Packrats have an amazing understanding of spatial dimensions. How else can you explain one now famous packrat that chewed into the gable end of the house, went across the roof up and over the rafters, went down the inside the wall on the opposite gable, under the house, up into the floor, then over six feet to then chew up through the floor and, Voila!, hit the middle of the pantry? NASA has nothing on a Chilcotin packrat.

Aside from their unique perfume and their destructive tendencies, packrats are very good looking, cream and buff coloured with sharp eyes and well formed muffs for tails. They are very polite, making sure that they trade for everything they take. Spoons for eyeglasses or hay for raisins, they are very fastidious about this, much more so than most humans are.

In spite of their politeness in matters of trading, the pack rat must go. So, in the end, the packrat meets its nemesis, the Chilcotin resident. Trap in hand, a trusty length of stove pipe over his shoulder and peanut butter/raisin bait in his pocket the scene is set. Not to be outdone, Packrat steals the bait and begins its usual three a.m. shopping spree in the pantry.

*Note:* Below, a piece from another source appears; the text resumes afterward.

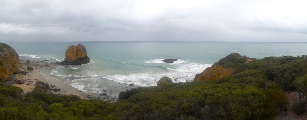 One thing I don’t like about Victoria is the weather. I’m a tropical person, and this unpredictable, rainy weather with the cold breeze is just not for me; I’m not just weather-moody, I also hate freezing. We left the city in glorious sunshine and arrived at our first stop, Bird Rock Lookout, in the rain. From there, the Great Ocean Road felt mostly overrated and overhyped, but at least long. The view is lovely (when not obscured by trees), but after 30 minutes, it becomes boring, and then all you’re left with is the crowds and slow campervans as an experience.

Time to bring in reinforcement known as the Chilcotin feline, best little killer in the west. A few minutes in the pantry, scrabble! squeal! and the rat is caught. Not dead, caught. As everyone knows, the Chilcotin feline doesn't kill, not right away. So with thick leather gloves complete with gauntlets, (the Chilcotin resident has done this before) the game of "catch the cat before the cat drops the packrat so it can run under the piano" is underway.

This time it is resident 1, packrat 0. When the cat drops the rat, the resident quickly swoops up the dazed rat, takes it outside and uses a fire brick to crush its skull on the porch railing. Nasty, brutish and short, to quote an infamous judge.

And so it goes, the changing seasons shared the world over by mice, packrats and men.